National integrity survey: TAP risk map

Framework based on TAP principles to analyse the integrity of relationships behind water and sanitation service delivery


The TAP risk map was developed by Transparency International and its national chapters in Kenya, Ghana and Senegal to gain a better understanding of the integrity of water service provision. The tool identifies relevant stakeholders and assesses the integrity of their relationships in terms of transparency, accountability and participation (TAP).

The tool generates, structures, and assesses information on:

  • The actors involved in water supply systems
  • The relationships between the stakeholders and the main water provider(s)
  • The risk levels in regard to TAP in the relationships between each group of actors

The results are validated with each stakeholder group and are then visualized in a map to communicate the results and to identify priority areas for action to improve water integrity.

The TAP risk map generates a mix of quantitative (through surveys) and qualitative (through group discussions) information to develop a better understanding of the checks and balances that are in place between the different stakeholders of water supply systems in one or several case study areas.



The objectives of the TAP risk map are to:

  • Identify and assess the status of integrity in the relationships of different stakeholders in local water supply systems;
  • Raise awareness on the impacts of corruption on performance of water supply systems;
  • Highlight roles and responsibilities of water users and providers;
  • Provide key inputs for evidence-based advocacy and to initiate practical improvement initiatives.

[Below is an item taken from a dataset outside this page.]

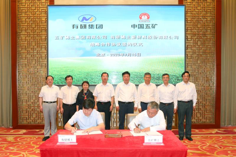 9月15日,有研集团党委书记、董事长赵晓晨一行赴中国五矿集团总部,与中国五矿党组副书记、总经理国文清等就在稀土等领域开展全方位战略合作举行会谈,并一起见证了有研稀土新材料股份有限公司与五矿稀土集团有限公司签署战略合作协议。

It is important to realise that case study findings may not be representative for the whole country but they provide good contextual and qualitative data that indicate the level of integrity and therewith also provide insight in the risk of corruption.

The exercise is best carried out by a third-party organization with enough support to reach key stakeholders and with experienced in carrying out research.




Based on stakeholder specific surveys and group discussions in a selected area, water providers’ relationships with users and intermediaries are mapped and assessed in terms of transparency, accountability and participation (TAP).

The tool implementation steps are:

  1. One or more areas are identified for the case studies. These areas should be fairly representative for the situation in the community
    in terms of presences of water supply systems and formal and informal providers to assess the range of problems that may occur. An initial scoping visit to consult with stakeholders will help to identify adequate locations.
  2. To assess TAP in service provision with different stakeholders key informant interviews are conducted using a set of stakeholder specific questionnaires. The questionnaires comprise mostly closed questions. The survey can be complemented with focus group discussions.
  3. The implementing organization cross-checks the results comparing the answers from the different respondent groups.
  4. Findings are shared with the different actors to generate feedback, validate the results and develop inputs for action to improve the integrity of water supply in the community.
  5. For each type of water supply system the actors are visualized in a map and the TAP risks of each of their relationships is assessed. The risk map always relates to the main water provider and only if the informal sector resells water from a formal provider the two will be included in the same risk map. A summary of the results of the case studies, indicating risk levels of TAP in the relationships of the different stakeholders, are also visualized in this map. Three risk levels of TAP are established using the colours red (high risk), yellow (medium risk) and green (low risk).


Example map from TI’s National Integrity Study in Kenya (2011)

Transparency International chapters have developed TAP maps for water service provision for national integrity surveys in Kenya, Ghana, and Senegal as part of the TISDA programme.